This process does take some thinking, however. The numbers that I replace the words matter, so I have to be sure to assign them the right value accordingly. First, I changed “Education Level” into a number from 1-10:
#Replace education level with a number
df = df.replace("9th grade", 1)
df = df.replace("10th grade", 2)
df = df.replace("11th grade", 3)
df = df.replace("12th grade", 4)
df = df.replace("High School", 5)
df = df.replace("Associate Degree", 6)
df = df.replace("Some College", 7)
df = df.replace("Bachelor", 8)
df = df.replace("Master", 9)
df = df.replace("Doctoral Degree", 10)
df = df.replace("Prof. Degree", 10)
I assigned a value based on how much education they had achieved, increasing it by 1 for each level up until doctoral degree/prof. degree, which are arguably both the terminal level of education.
A similar process was used for “Age Range”:
#Replace age range
df = df.replace("0-19", 1)
df = df.replace("20-29", 2)
df = df.replace("30-39", 3)
df = df.replace("40-49", 4)
df = df.replace("50-59", 5)
df = df.replace("60-69", 6)
df = df.replace("70-79", 7)
df = df.replace("80+", 8)
For “Gender” and “Education Status”, however, the process was a bit different. Being male or female does not mean one has a higher value, nor does unemployment/employment/not being in the labor force. So, I had to use a process called one-hot encoding to transform the data.

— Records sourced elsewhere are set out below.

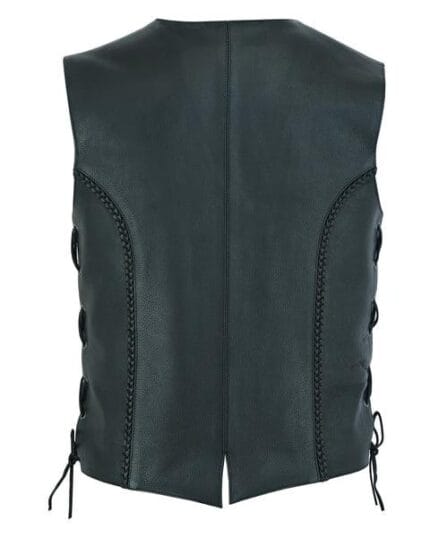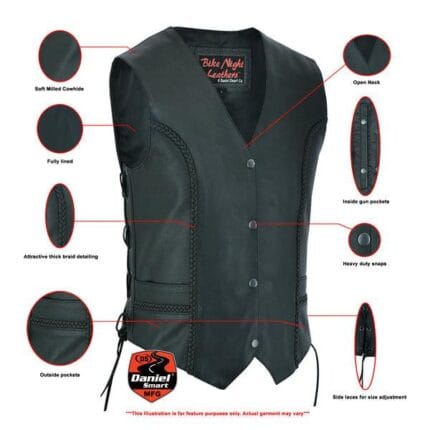 Crafted from soft milled cowhide, this jacket boasts intricate thick braid detailing, concealed gun pockets, and side laces for a personalized motorcycle-inspired look, all while offering comfort with its fully lined design.
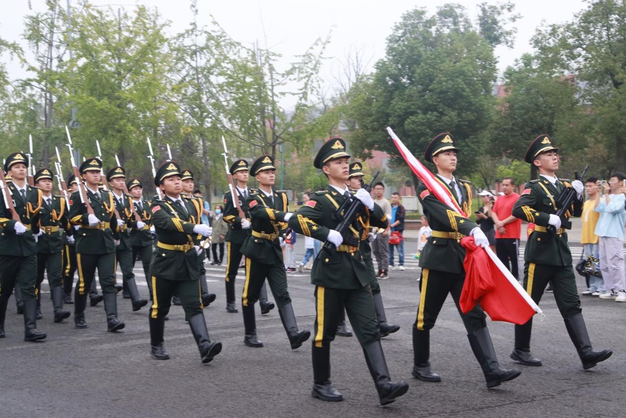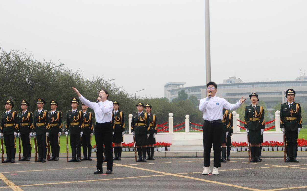 国旗护卫队迈着整齐的步伐将五星红旗护送至升旗台,全场师生肃穆站立,行注目礼,国旗在《义勇军进行曲》旋律中缓缓上升。全场师生合唱《我爱你中国》《我和我的祖国》,用歌声为祖国生日送上祝福。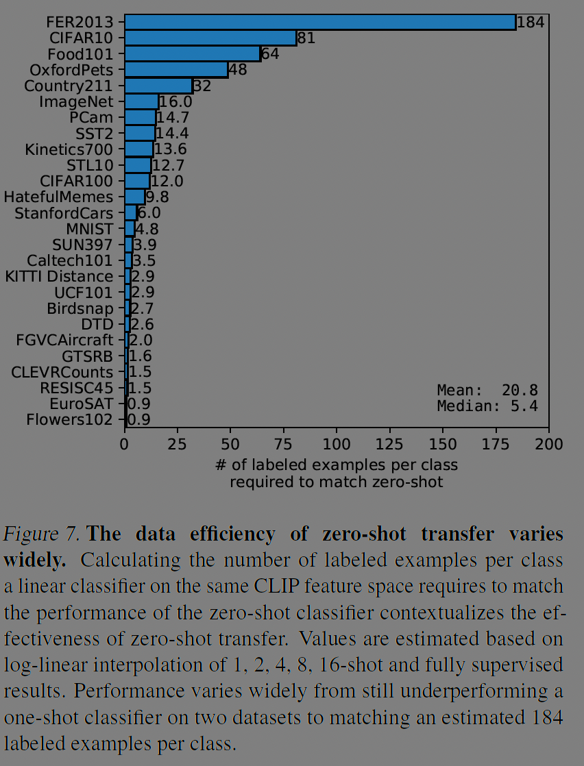 그림7의 결과로는 데이터셋 별로 CLIP의 제로샷 성능과 같은 성능을 내려면 얼마나 많은 샷을 학습시켜야 하는지가 나타난다. 평균적으로 20개의 샷이 필요하지만 편차가 매우 큰 편으로 그림 6의 실험과 같이 CLIP 모델은 일반적인, 대중적인 표현에 강점이 있음을 알 수 있다.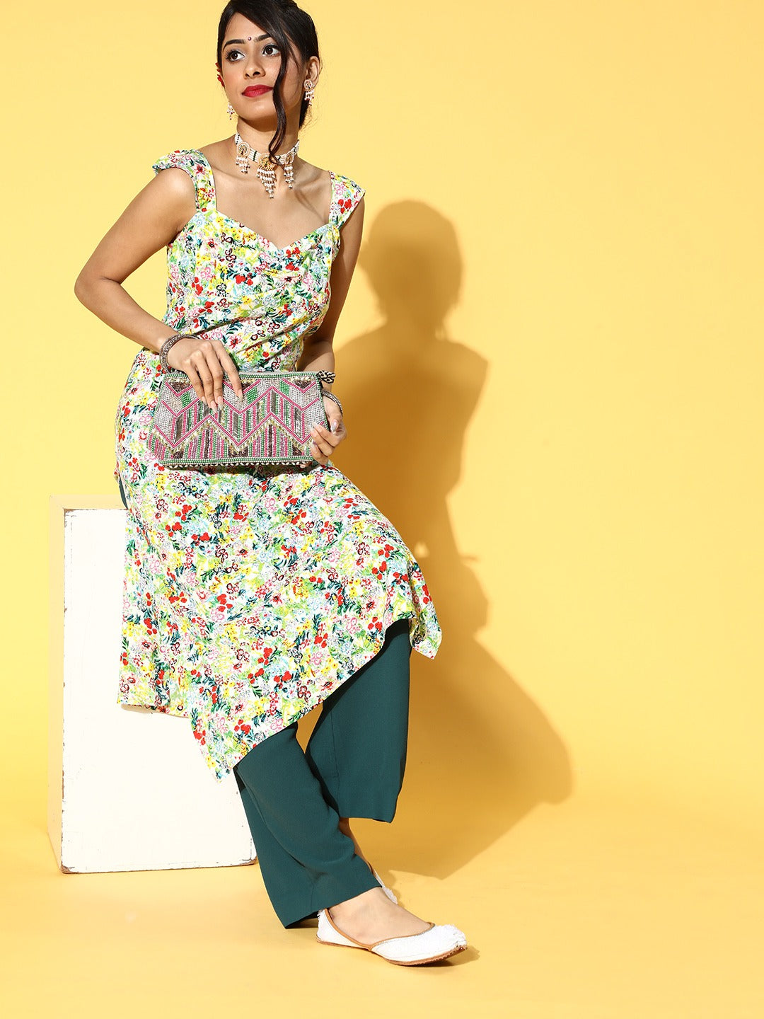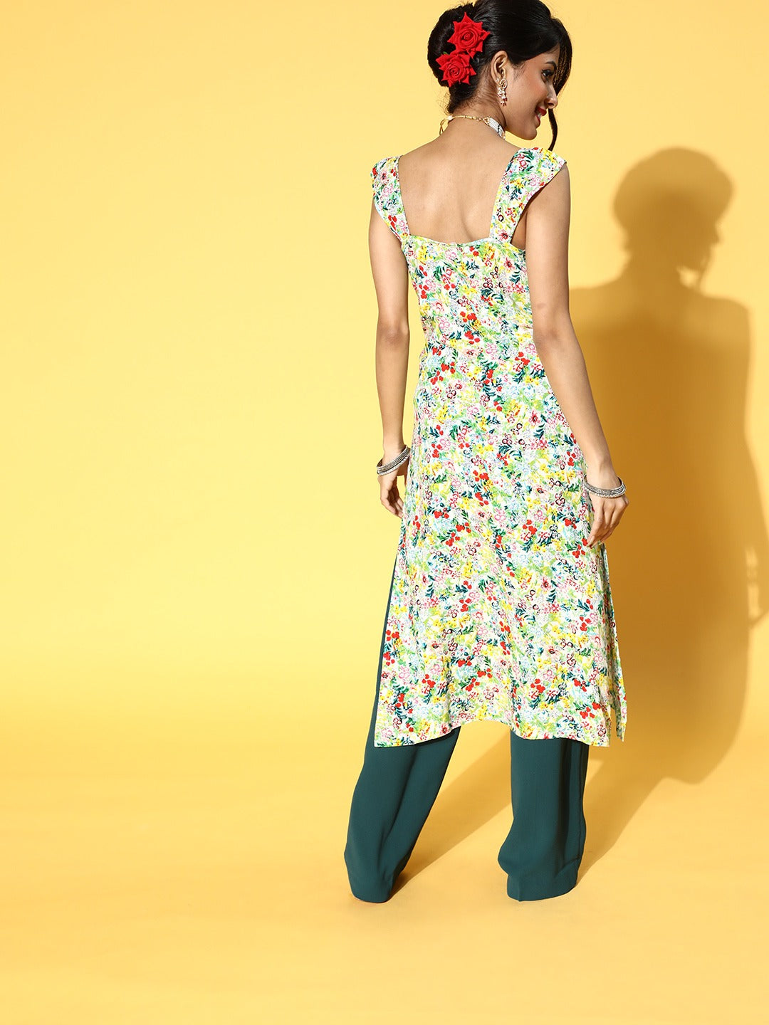 Berrylush Women White & Green Floral Printed Sweetheart Neck Side Slited Midi Kurta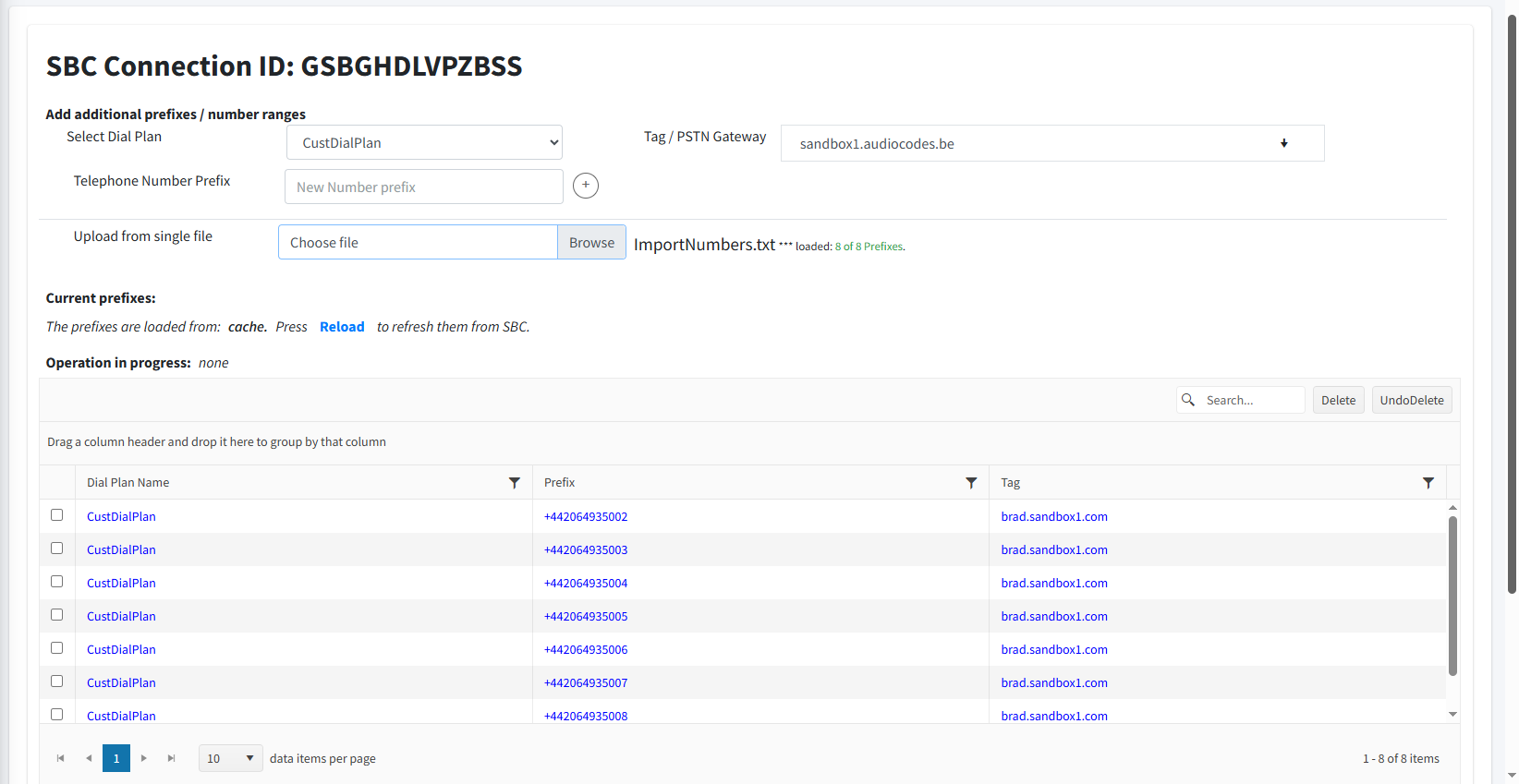 Once the dialplan is imported, the new entries are displayed in the Dialplan on the SBC device with the rule name inheriting the SIP Connection ID string.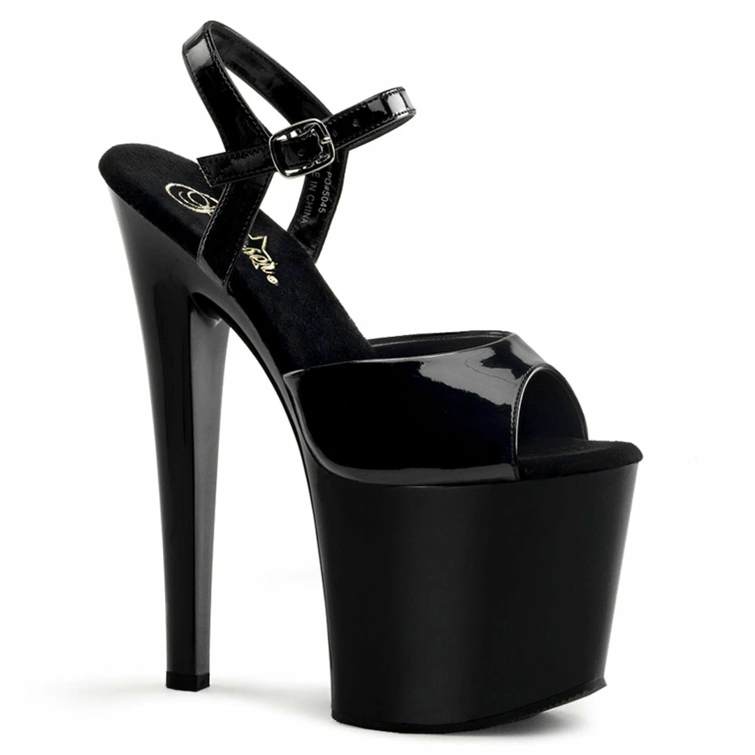 Classic Black Patent Ankle Strap Platform Stripper Sandal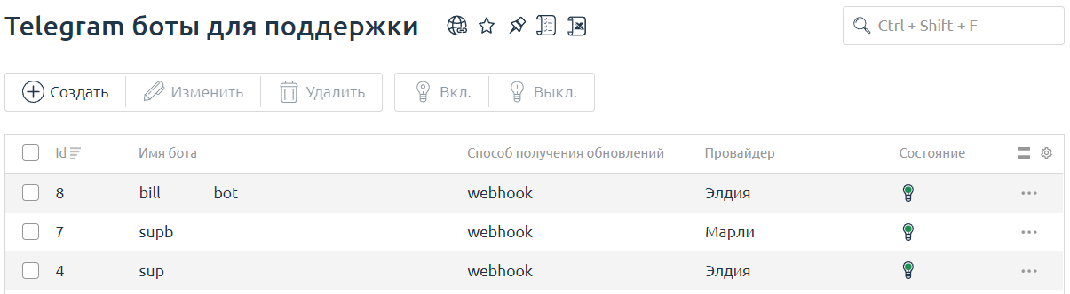 Добавленные Telegram-боты и их состояние отображаются в таблице.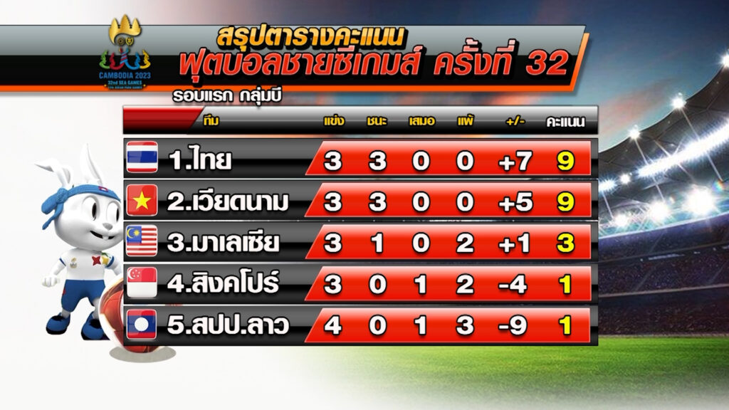 สรุปตารางคะแนนกลุ่มบี. อันดับ 1.ไทย แข่ง 3 นัด มี 9 คะแนน อันดับ 2 เวียดนาม 3 นัด มี 9 อันดับ 3.มาเลเซีย 3 นัด มี 3 คะแนน อันดับ 4.สิงคโปร์ 3 นัดมี 1 คะแนน อันดับ 5. สปป ลาว เตะ 4 นัด มี 1 คะแนน ตกรอบแรก โปรแกรมนัดต่อไปทีมไทย จะพบกับ เวียดนาม วันที่ 11 พฤษภาคม เวลา 19.00 น. ที่สนามปรินซ์ สเตเดียม ช่อง 9 กด 30 ถ่ายทอดสดให้ชม

One-hot encoding is a simple process commonly used in machine learning which allows for us to change a list of classifications or results into binary options. For “Employment Status”, the table looked like this:
Employment Status |
---|
Unemployed |
Employed |
Employed |
Not in labor force |
If we change it simply into numbers like we did above, for example reassign values from 1-3:
Employment Status |
---|
1 |
2 |
2 |
3 |
It will seem like employed has a higher value than unemployed, and not in labor force has a higher value than being employed. However, they are not better or worse than the others, they are just different classification labels. So, we use one-hot encoding to create binary options like this:
Unemployed | Employed | Not in labor force |
---|---|---|
1 | 0 | 0 |
0 | 1 | 0 |
0 | 1 | 0 |
0 | 0 | 1 |
This way, when the data is fed into a machine learning algorithm, it will be able to learn that these are labels/results that every person is grouped into, not characteristics with specific values assigned to them.
Visualizing the Data
Now that the data has been cleaned up a bit, I find it useful to start visualizing the data to see how certain features correlate. This can give us some insight and intuition on how we should build our ML algorithm.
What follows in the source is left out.